• REQUIRED ACTION
Print the data that follows word for word, leaving out any picture.

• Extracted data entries
########################################

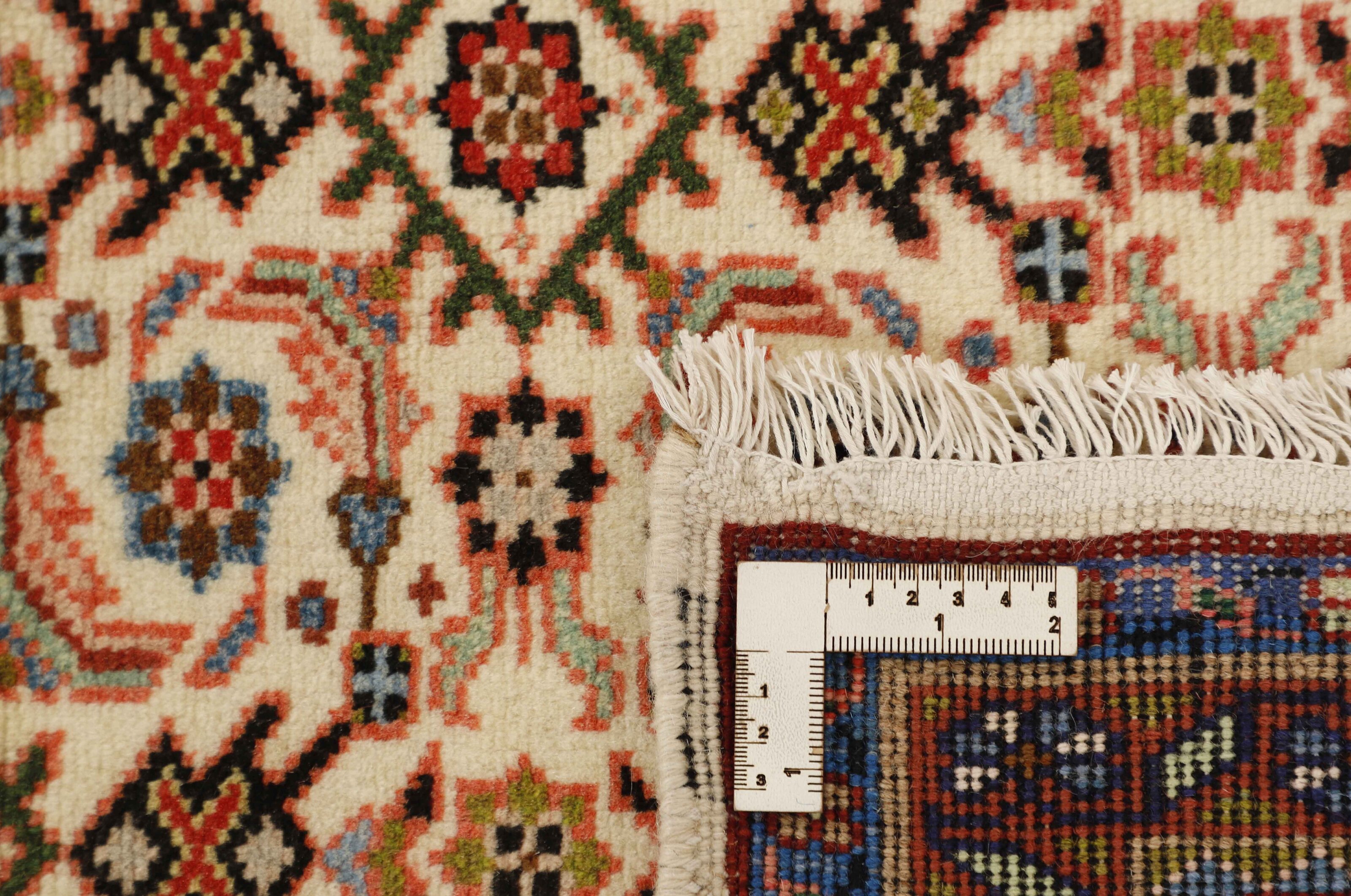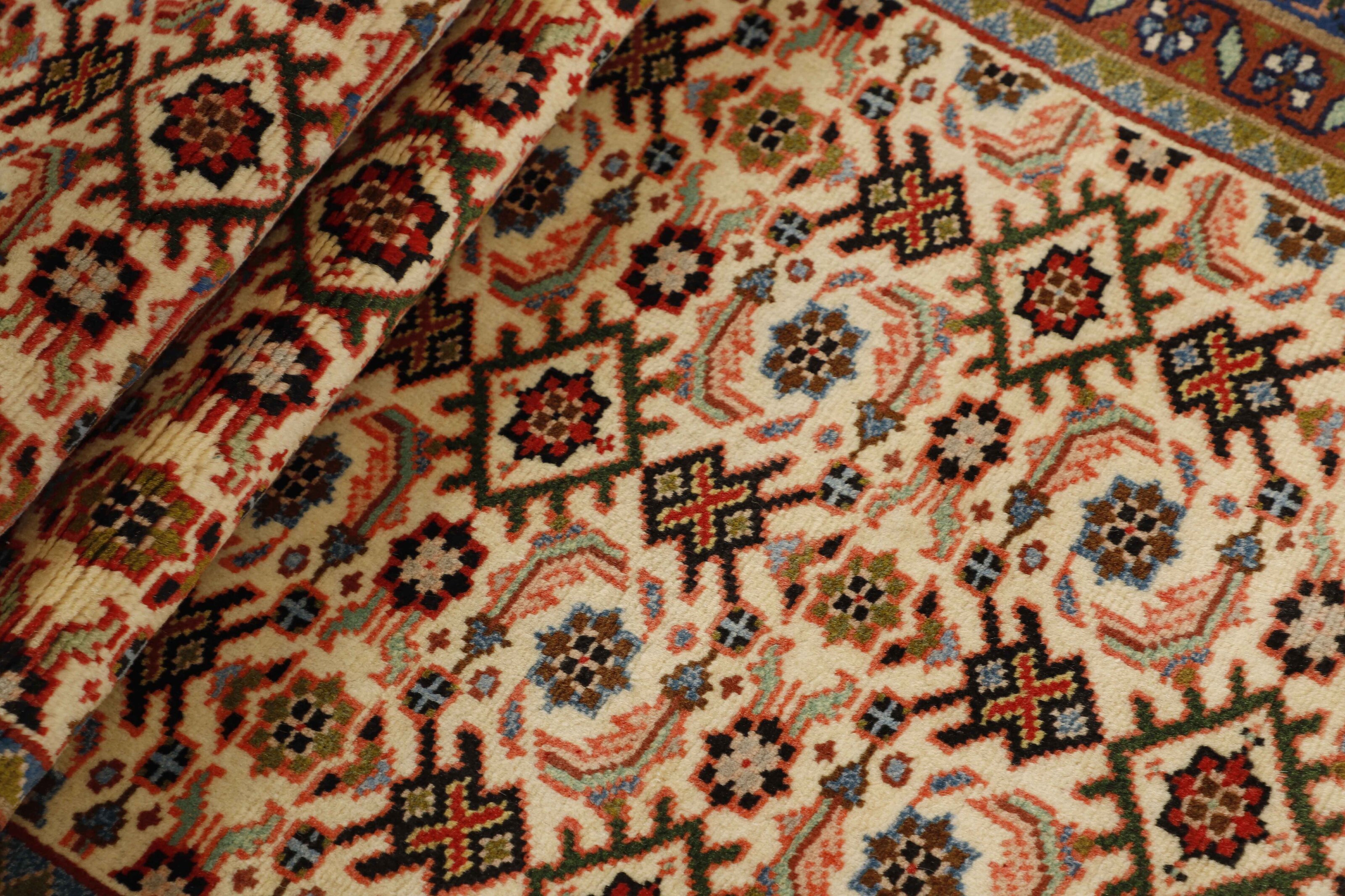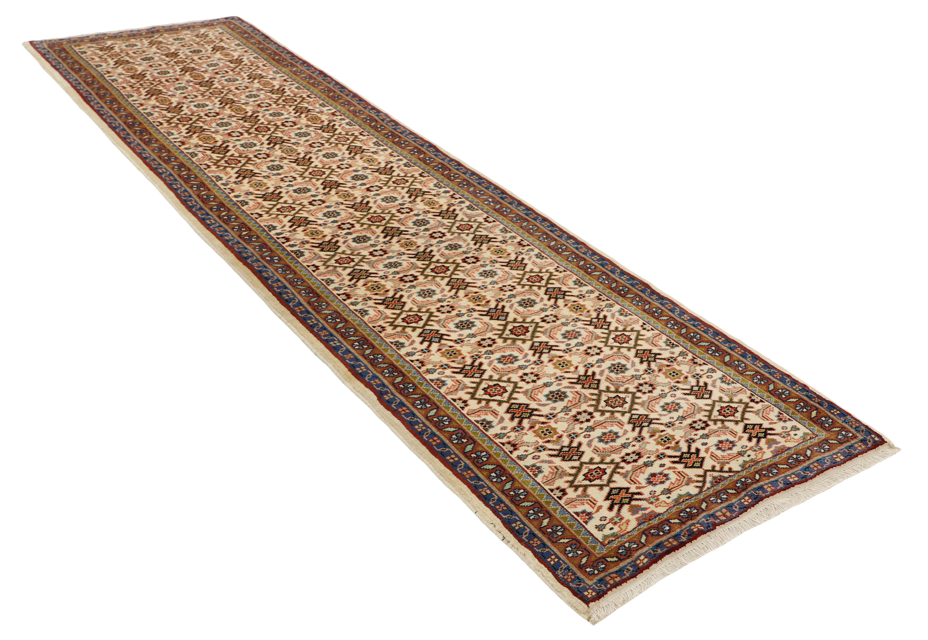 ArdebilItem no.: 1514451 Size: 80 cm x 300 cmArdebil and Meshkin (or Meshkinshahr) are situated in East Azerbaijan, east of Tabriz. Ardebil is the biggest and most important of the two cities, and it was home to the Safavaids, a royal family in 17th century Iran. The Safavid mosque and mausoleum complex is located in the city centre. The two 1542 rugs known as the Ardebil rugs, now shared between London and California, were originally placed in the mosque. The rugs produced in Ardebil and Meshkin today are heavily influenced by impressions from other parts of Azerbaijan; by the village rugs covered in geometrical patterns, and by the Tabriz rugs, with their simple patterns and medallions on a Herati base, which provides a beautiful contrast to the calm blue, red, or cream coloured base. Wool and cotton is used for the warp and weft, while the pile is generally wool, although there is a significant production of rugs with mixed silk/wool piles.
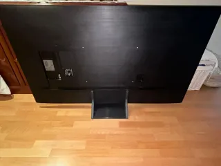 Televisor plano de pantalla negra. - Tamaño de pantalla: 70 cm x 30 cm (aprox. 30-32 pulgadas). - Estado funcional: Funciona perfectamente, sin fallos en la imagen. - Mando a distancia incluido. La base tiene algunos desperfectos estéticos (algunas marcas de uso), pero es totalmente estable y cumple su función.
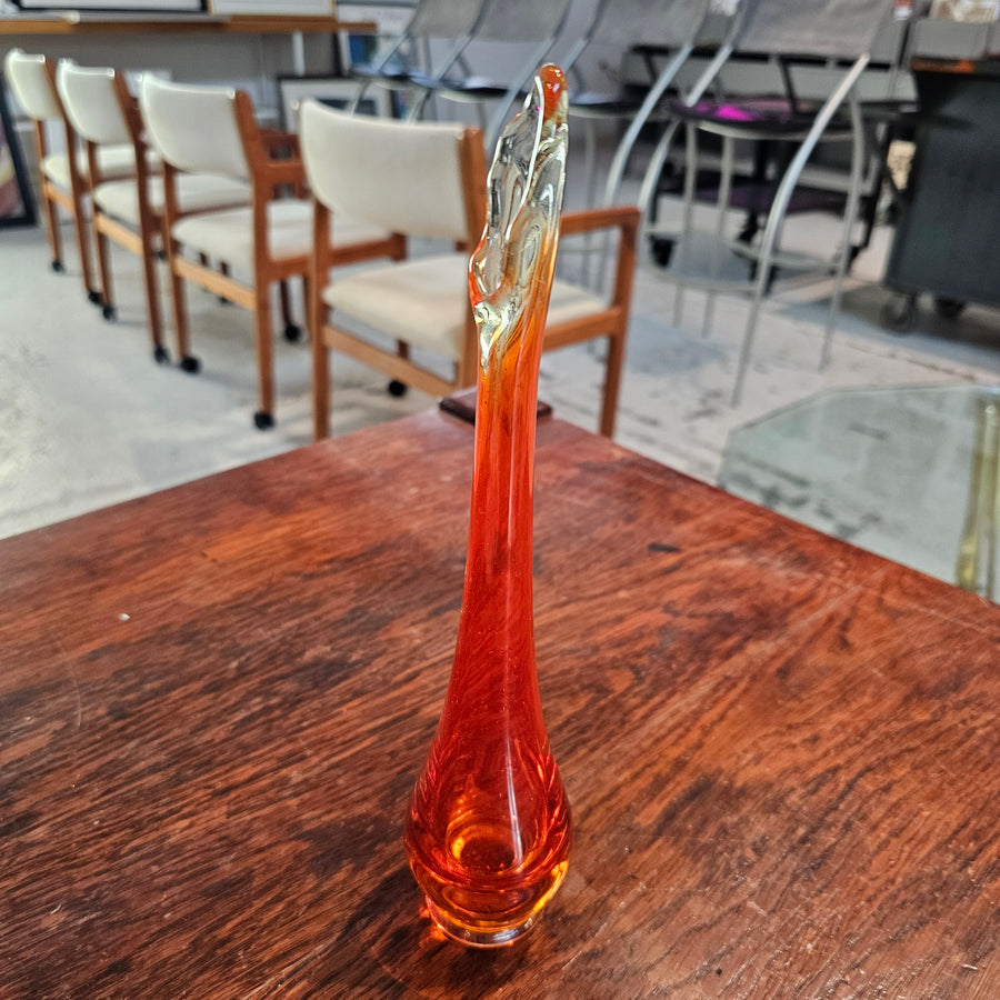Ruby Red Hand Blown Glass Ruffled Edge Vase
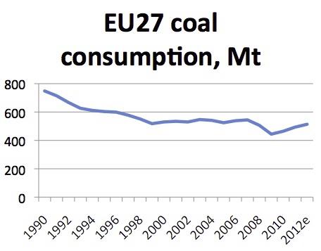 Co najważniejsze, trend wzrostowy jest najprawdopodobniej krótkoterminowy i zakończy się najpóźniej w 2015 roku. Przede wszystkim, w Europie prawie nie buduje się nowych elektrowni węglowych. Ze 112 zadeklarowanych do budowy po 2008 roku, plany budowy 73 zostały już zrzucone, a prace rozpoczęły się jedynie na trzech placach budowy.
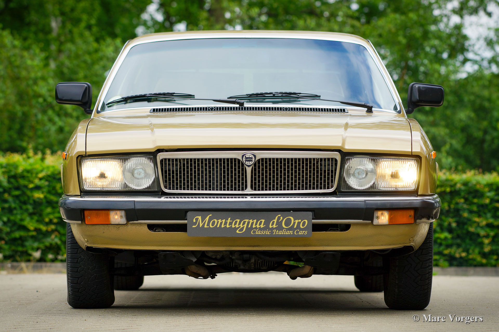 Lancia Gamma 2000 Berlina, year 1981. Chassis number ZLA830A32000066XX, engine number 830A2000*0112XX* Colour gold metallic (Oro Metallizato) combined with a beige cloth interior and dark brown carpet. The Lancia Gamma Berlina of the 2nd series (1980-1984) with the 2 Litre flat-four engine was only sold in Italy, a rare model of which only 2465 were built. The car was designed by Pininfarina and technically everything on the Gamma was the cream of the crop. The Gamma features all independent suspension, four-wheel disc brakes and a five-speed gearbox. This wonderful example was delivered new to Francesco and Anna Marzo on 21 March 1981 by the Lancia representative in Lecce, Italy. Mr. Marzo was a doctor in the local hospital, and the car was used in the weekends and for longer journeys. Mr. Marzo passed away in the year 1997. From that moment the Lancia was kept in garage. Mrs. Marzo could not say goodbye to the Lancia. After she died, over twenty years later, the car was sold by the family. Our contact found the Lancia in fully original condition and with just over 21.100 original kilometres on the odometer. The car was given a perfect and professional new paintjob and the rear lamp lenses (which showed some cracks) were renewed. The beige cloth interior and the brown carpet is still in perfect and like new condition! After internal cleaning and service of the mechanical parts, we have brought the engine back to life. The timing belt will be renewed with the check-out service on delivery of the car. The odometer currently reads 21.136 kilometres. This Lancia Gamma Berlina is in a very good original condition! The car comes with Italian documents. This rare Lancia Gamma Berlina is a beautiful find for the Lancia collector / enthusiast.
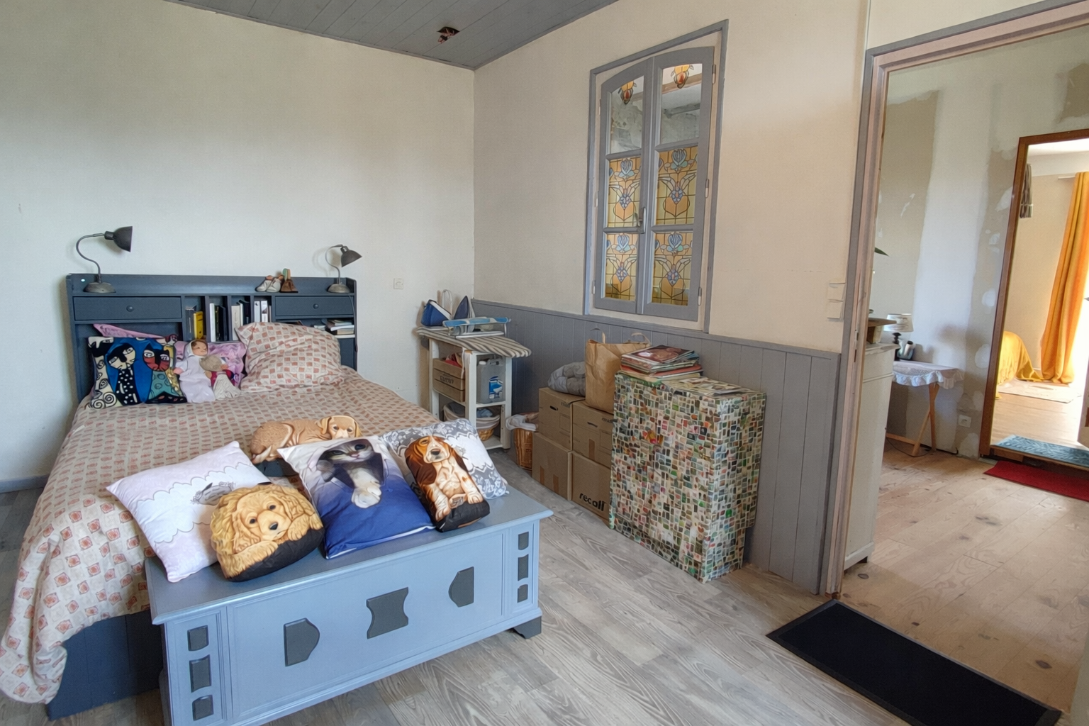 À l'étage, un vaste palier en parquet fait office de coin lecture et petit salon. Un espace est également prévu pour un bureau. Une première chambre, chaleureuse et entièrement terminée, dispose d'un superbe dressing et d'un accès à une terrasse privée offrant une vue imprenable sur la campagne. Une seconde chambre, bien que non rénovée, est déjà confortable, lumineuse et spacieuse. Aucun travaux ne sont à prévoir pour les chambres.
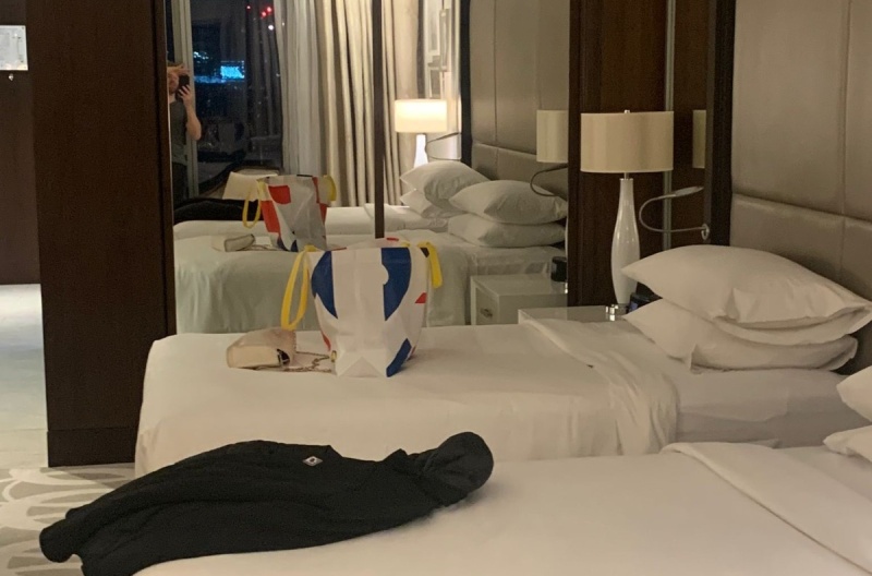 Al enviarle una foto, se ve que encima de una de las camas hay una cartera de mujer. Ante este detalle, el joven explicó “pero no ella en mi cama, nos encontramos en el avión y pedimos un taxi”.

########################################

• TASK SOLUTION
 ArdebilItem no.: 1514451 Size: 80 cm x 300 cmArdebil and Meshkin (or Meshkinshahr) are situated in East Azerbaijan, east of Tabriz. Ardebil is the biggest and most important of the two cities, and it was home to the Safavaids, a royal family in 17th century Iran. The Safavid mosque and mausoleum complex is located in the city centre. The two 1542 rugs known as the Ardebil rugs, now shared between London and California, were originally placed in the mosque. The rugs produced in Ardebil and Meshkin today are heavily influenced by impressions from other parts of Azerbaijan; by the village rugs covered in geometrical patterns, and by the Tabriz rugs, with their simple patterns and medallions on a Herati base, which provides a beautiful contrast to the calm blue, red, or cream coloured base. Wool and cotton is used for the warp and weft, while the pile is generally wool, although there is a significant production of rugs with mixed silk/wool piles.
 Televisor plano de pantalla negra. - Tamaño de pantalla: 70 cm x 30 cm (aprox. 30-32 pulgadas). - Estado funcional: Funciona perfectamente, sin fallos en la imagen. - Mando a distancia incluido. La base tiene algunos desperfectos estéticos (algunas marcas de uso), pero es totalmente estable y cumple su función.
Ruby Red Hand Blown Glass Ruffled Edge Vase
 Co najważniejsze, trend wzrostowy jest najprawdopodobniej krótkoterminowy i zakończy się najpóźniej w 2015 roku. Przede wszystkim, w Europie prawie nie buduje się nowych elektrowni węglowych. Ze 112 zadeklarowanych do budowy po 2008 roku, plany budowy 73 zostały już zrzucone, a prace rozpoczęły się jedynie na trzech placach budowy.
 Lancia Gamma 2000 Berlina, year 1981. Chassis number ZLA830A32000066XX, engine number 830A2000*0112XX* Colour gold metallic (Oro Metallizato) combined with a beige cloth interior and dark brown carpet. The Lancia Gamma Berlina of the 2nd series (1980-1984) with the 2 Litre flat-four engine was only sold in Italy, a rare model of which only 2465 were built. The car was designed by Pininfarina and technically everything on the Gamma was the cream of the crop. The Gamma features all independent suspension, four-wheel disc brakes and a five-speed gearbox. This wonderful example was delivered new to Francesco and Anna Marzo on 21 March 1981 by the Lancia representative in Lecce, Italy. Mr. Marzo was a doctor in the local hospital, and the car was used in the weekends and for longer journeys. Mr. Marzo passed away in the year 1997. From that moment the Lancia was kept in garage. Mrs. Marzo could not say goodbye to the Lancia. After she died, over twenty years later, the car was sold by the family. Our contact found the Lancia in fully original condition and with just over 21.100 original kilometres on the odometer. The car was given a perfect and professional new paintjob and the rear lamp lenses (which showed some cracks) were renewed. The beige cloth interior and the brown carpet is still in perfect and like new condition! After internal cleaning and service of the mechanical parts, we have brought the engine back to life. The timing belt will be renewed with the check-out service on delivery of the car. The odometer currently reads 21.136 kilometres. This Lancia Gamma Berlina is in a very good original condition! The car comes with Italian documents. This rare Lancia Gamma Berlina is a beautiful find for the Lancia collector / enthusiast.
 À l'étage, un vaste palier en parquet fait office de coin lecture et petit salon. Un espace est également prévu pour un bureau. Une première chambre, chaleureuse et entièrement terminée, dispose d'un superbe dressing et d'un accès à une terrasse privée offrant une vue imprenable sur la campagne. Une seconde chambre, bien que non rénovée, est déjà confortable, lumineuse et spacieuse. Aucun travaux ne sont à prévoir pour les chambres.
 Al enviarle una foto, se ve que encima de una de las camas hay una cartera de mujer. Ante este detalle, el joven explicó “pero no ella en mi cama, nos encontramos en el avión y pedimos un taxi”.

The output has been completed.